Ricardo Flores es abogado.

5 Comments

  1. Cuando se sienten descubiertos en sus maniobras corruptas, por lo general los representantes políticos, recurren a la santidad y a la victimización. Esta forma de actuación se fundó con el ejército de correistas y su robos, todas las sentencias que han recibido las transforman en persecución, cuando todos ellos son presas de sus propias fechorías. Los ecuatorianos nos preguntamos como es que la Ley no tiene forma de condenarlos porque los actos que cometen no fueron enunciados en los articulados, o es que cada vez sus maniobras son tan exclusivas, y no calzan para ser sentenciados y hace falta una reformatoria de la Ley y se vuelve a poner en manos de la asamblea viciada de todo, hasta de tener asambleistas que pregonan a grito pelado con microfono en mano que se robe bien.

  2. Así resulta !!!!! Ahora en el país , cualquier persona que comete tropelías y debe responder por estas , no encuentra mejor argumento que la victimización . Este lloriqueo debe terminar y los responsables de cometer ilegalidades deben ser sometidos a la justicia .

  3. Estos politiqueros deben aprender a ser honestos, cualquier persona con atributos éticos puede triunfar sin victimizarse.

  4. La victimización es un recurso pobre y miserable por donde se vea.

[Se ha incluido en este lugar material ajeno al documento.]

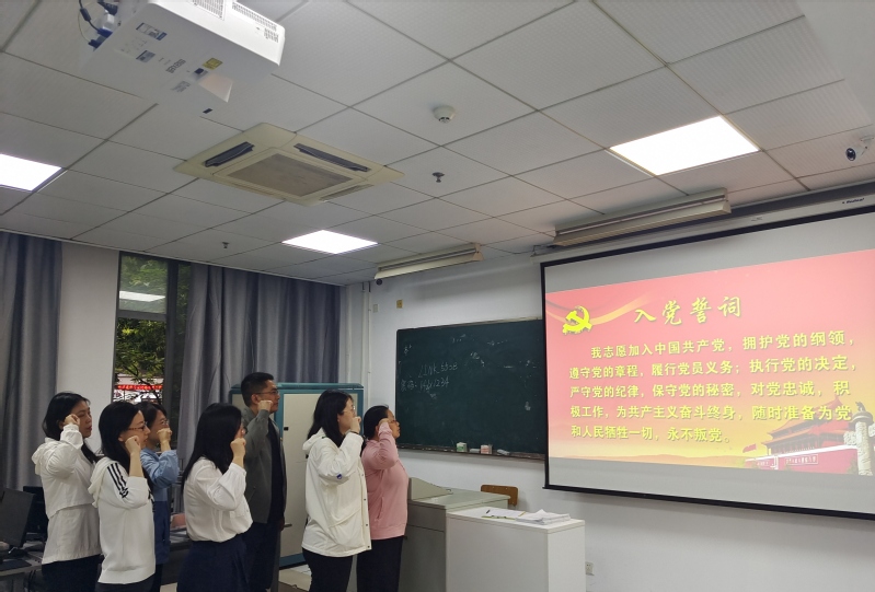 最后,支部党员重温入党誓词。重温入党誓词,提醒所有党员牢记自己入党时的初心,牢记肩负的使命,时刻以党员的标准严格要求自己、时刻以党员的先进性鞭策激励自己;切实发挥党员先锋模范作用,为推进学院事业高质量发展、建设高水平开放大学做出应有的贡献。

Tiene la pretensión de elevar a opinión una narrativa que es sencillamente estúpida con el fin de librarse de la incomodidad que produce la convocatoria a la razón. La victimización es parte de la perversa infantilización de la sociedad que resalta principalmente los derechos y el supuesto estado de indefensión que tendría una persona o un grupo por su condición natural (mujer, indígena, etc.). Coincido, cero tolerancia con la estulticia.

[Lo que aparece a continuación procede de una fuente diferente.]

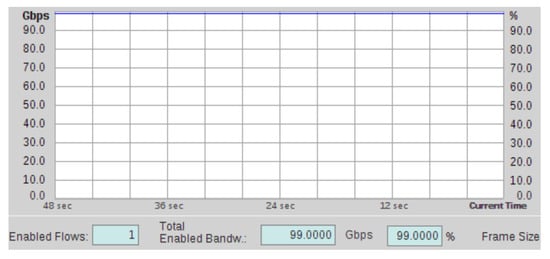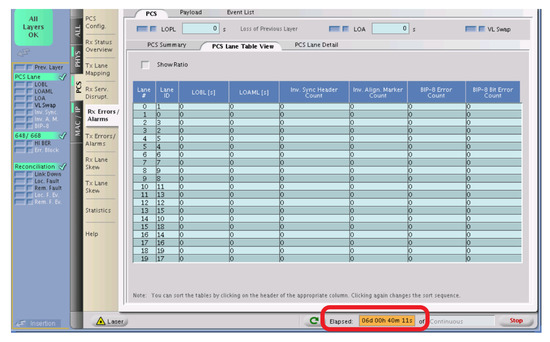Figure 13 shows the results for the data throughput through the CFP test bed. The CFP transceiver was loaded to transmit and receive 99% of the available bandwidth. The test results confirmed that the data were transmitted and received without error at a utilization of more than 99%. Figure 14 shows the results of a long-term test for the safety and reliability of optical transceivers produced by the proposed firmware technique. It was verified that the operation was stable for more than 144 h without errors.

  5. Ser mujer, indígena, gay, negro y entre otras cosas que no me acuerdo se está volviendo un negocio político muy rentable. Algunas serán mujeres según su narrativa victimista pero tienen buen trabajo y ahorros, tienen puestos altos en el estado o tienen la bendición estudios en las mejores universidades. Lo mismo con el resto. La igualdad tiene sentido mientras eso les permita trabajar en una oficina con aire acondicionado por no más de 8 horas y con buen sueldo pagado de todos los ecuatorianos. Y como se ha visto, también esto de ser mujer o lo que sea no es más que una estrategia de manipulación para salir impunes si son sujetos a control o tienen que dar respuestas a sus gestiones por corrupción o apología al delito como en este caso. Ya es el colmo de la inmoralidad política aprovecharse de la gente con dificultades para beneficio propio. Luego estos «roben bien» son vendidos como ejemplo de nada por sus genitales. Lo que merecen es salir del puesto que sus votantes les regalaron.